Formation and function of membrane contact sites between the ER and the endocytic pathway

Membrane contact sites are sites within cells where the membranes of different organelles come very close together, allowing proteins on different organelles to interact directly with each other and also allowing lipids to transfer directly from one organelle to another. We have identified a novel and previously uncharacterised membrane contact site between the endoplasmic reticulum (ER) and endosomes. We know one function of these contacts, which is the interaction between a growth factor receptor on endosomes and a regulatory protein on the ER. Dysregulation of both the growth factor receptor and the regulatory protein have been implicated in human cancer. A likely additional function of these ER:endosome contacts is exchange of cholesterol, as the endosome is the site of cholesterol accumulation derived from the diet and the ER is the site of new cholesterol synthesis.
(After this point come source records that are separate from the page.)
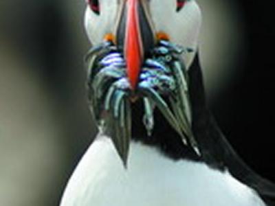 在饵料鱼匮乏时,包括叼了一嘴玉筋鱼的大西洋角嘴海雀在内的海鸟都会繁殖较少的后...
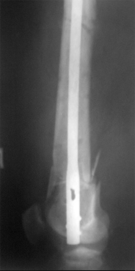 Существуют этапные снимки, по которым можно оценить ось бедра во фронтальной плоскости- она правильная, нарушена ось промежуточного фрагмента. Насчет выстояния конца гвоздя- сам об этом думаю, но опасаюсь, что при переблокировании развалится дистальный отломок (он уже и так как дуршлаг). Хотелось бы услышать мнение уважаемого Александра Николаевича Челнокова.
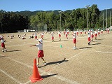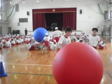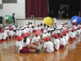 今日、運動会のたてわり種目「大玉おくり」の練習をしました。全校のみんながたてわりチームに分かれて、立ったり座ったりして大玉を送っていきます。ちがう学年の子どもたちが一緒になって競技するのって、微笑ましくていいですね。
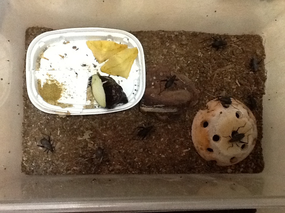 スズムシが大きくなってきたようで、エサも減っているのがわかるようになりました。スズムシのエサは、おいしいのか、目に見えるくらいになりました。梅雨で湿り気もあるので、こまめにエサを交換しています。
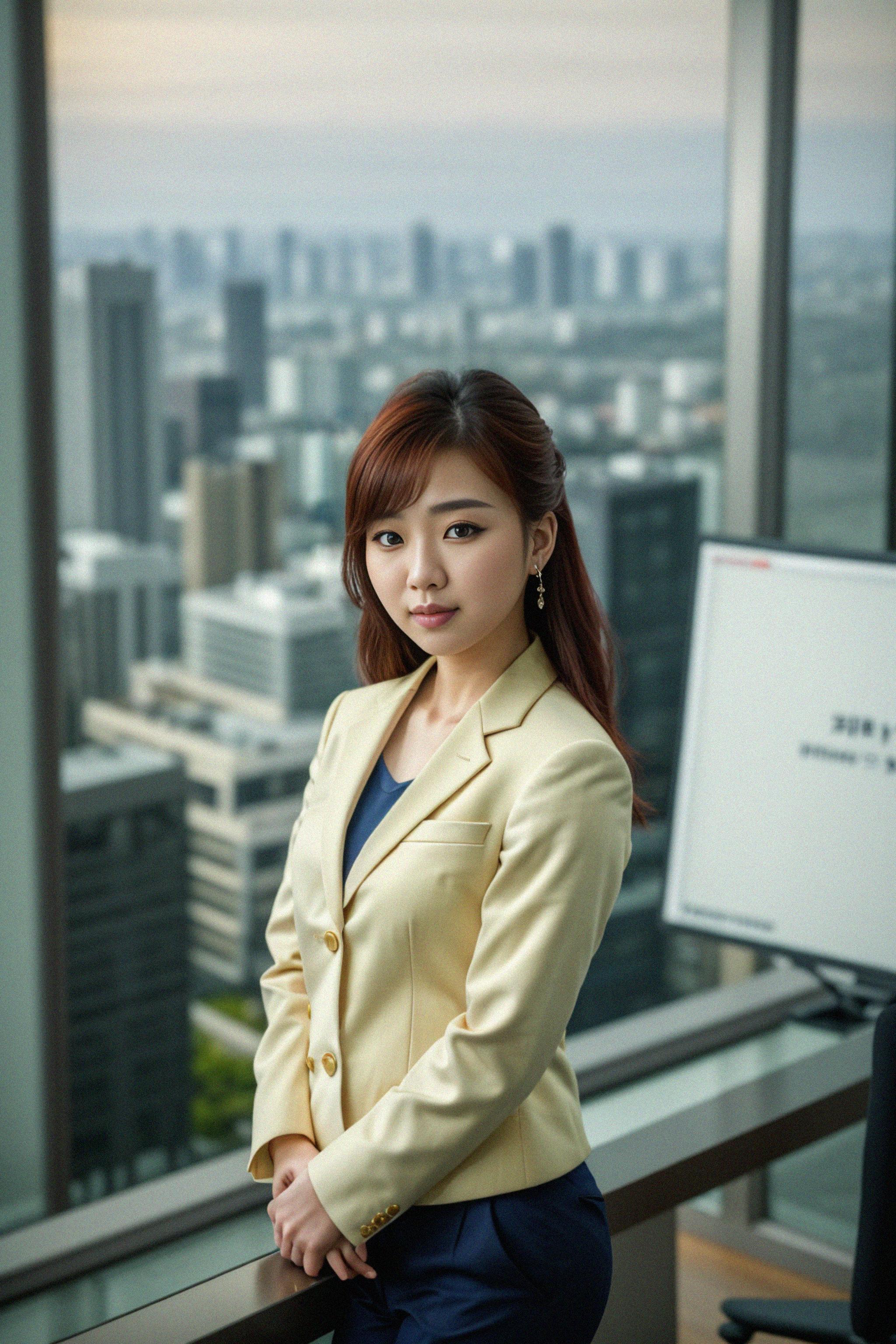 8k professional headshot of model, crisp details, studio backdrop, executive attire, confident posture, neutral expression, high-definition, corporate setting, sharp focus, ambient lighting, business professional, cityscape view

Low cholesterol from the diet stimulates cholesterol synthesis in the ER and so membrane contact sites between endosomes and the ER could be sites of cholesterol sensing. Defects in cholesterol balance underly many human disorders, and contribute to coronary heart disease. This project will identify factors that regulate the formation of membrane contact sites between the ER and endosomes and will develop tools that will allow us to characterise the role of these contact sites in cholesterol sensing and transport. An understanding of the cellular mechanisms underlying membrane contact site formation and cholesterol sensing is the first step towards understanding how those mechanisms are dysregulated under conditions where cholesterol balance is perturbed and how they might be exploited in the design of new therapies.
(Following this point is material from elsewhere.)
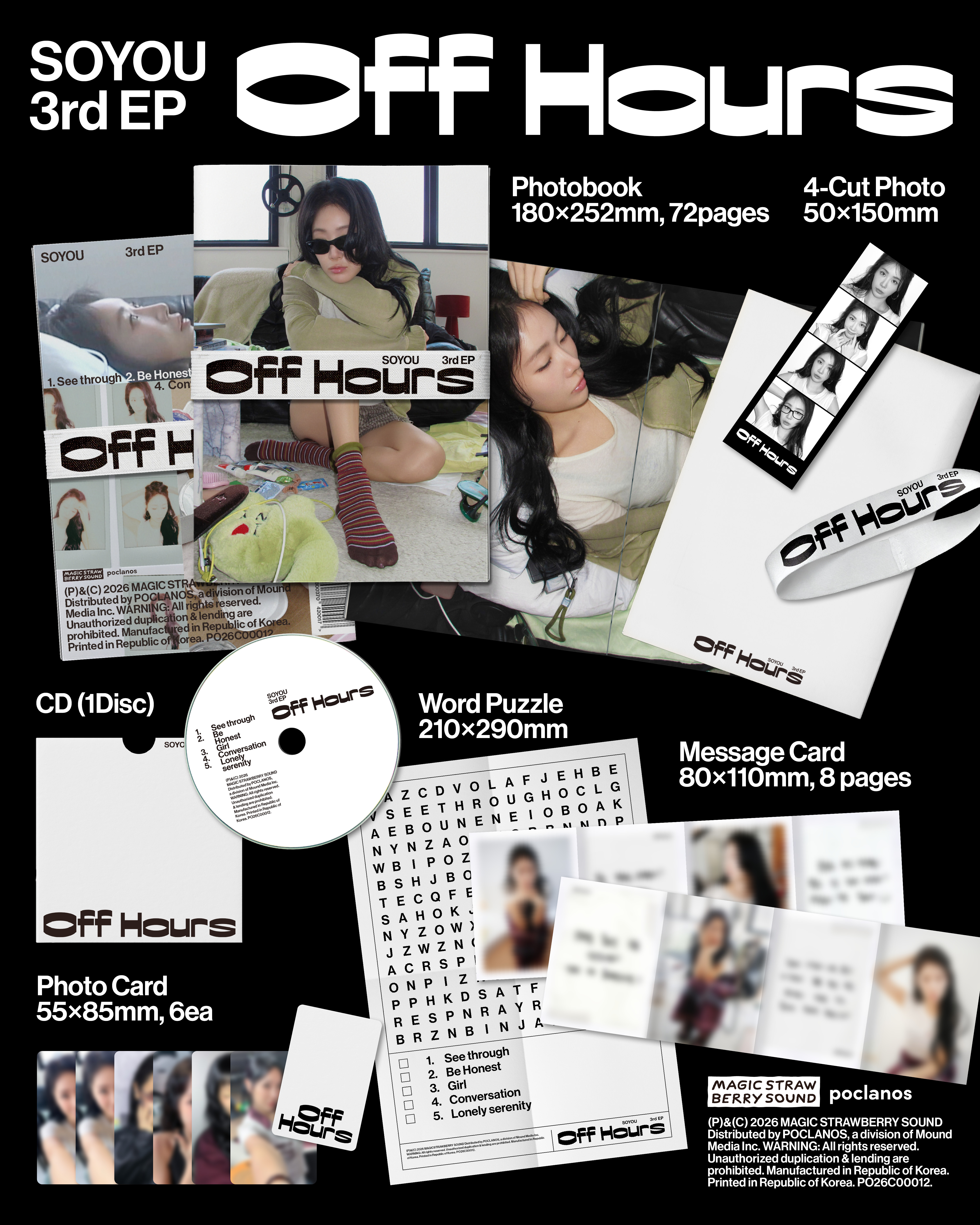 소유의 세 번째 EP [Off Hours]는 혼자만의 시간 속에서 마주하는 감정의 단면을 포착한다. 이번 앨범에서 소유는 본능적인 이끌림부터 억눌린 감정의 폭발, 숨기고 싶은 내면의 모습 등 다양한 감정의 조각들을 5개의 트랙에 담아내며 자기 내면을 오롯이 바라보는 순간을 그려낸다. 직접 작사에 참여한 소유는 ‘진정한 나’를 찾아가는 과정을 앨범 속에 고스란히 녹여냈다. 하루의 끝에 찾아오는 고요함처럼, 이 앨범은 복잡한 일상을 지나 스스로를 마주하는 ‘Off Hours’의 시간을 완성한다.
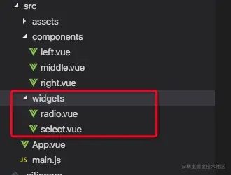 我们新建一个文件夹 widgets 用来编写需要重新的组件。示例项目中,我们只重写了两个组件。

We have shown that membrane contact sites form between the ER and multivesicular endosomes/bodies (MVBs) and between the ER and lysosomes. The objective of this study is to analyse the formation and function of those contacts. We will use electron microscopy (EM) to directly visualise membrane contact sites between the ER and the endocytic pathway, but in parallel will explore more rapid biochemical assays and fluorescence-based assays that may reflect membrane contact site formation. Such assays will be validated by EM. We have already shown that the protein tyrosine phosphatase, PTP1B, on the ER and endocytosed EGF receptor interact via direct membrane contacts between the ER and MVBs and we will also focus on an ER-localised protein family, VAP, which has been proposed to play a role in membrane contact site formation between the ER and a number of organelles. By manipulating PTP1B:EGFR interaction and VAP interaction with its binding partners we will determine which of these molecules play a role in contact site formation and will, thereby, develop tools to manipulate their formation. This will then allow the dissection of the function of membrane contact sites between the ER and the endocytic pathway. As such contacts form in unstimulated cells they are likely to have functions in addition to PTP1B:EGFR interaction and here we will focus on one probable function, cholesterol exchange between the ER and endosomes. Non-vesicular transport of cholesterol requires the membranes to come into very close apposition and as the main cellular sources of cholesterol are endosomes/lysosomes (derived from endocytosed LDL) and the ER (derived from new synthesis), membrane contact sites between the ER and the endocytic pathway are clearly candidate sites for sensing and exchange of cholesterol. Perturbations in cholesterol homeostasis occur in many human diseases and understanding how cholesterol transport occurs and is regulated will aid the understanding of how these mechanisms break down in disease and how they can be manipulated for therapy. The studies proposed here, which focus on a small number of known or likely functions for membrane contact sites, will provide a basis for future studies aimed at identifying further components and functions of these sites.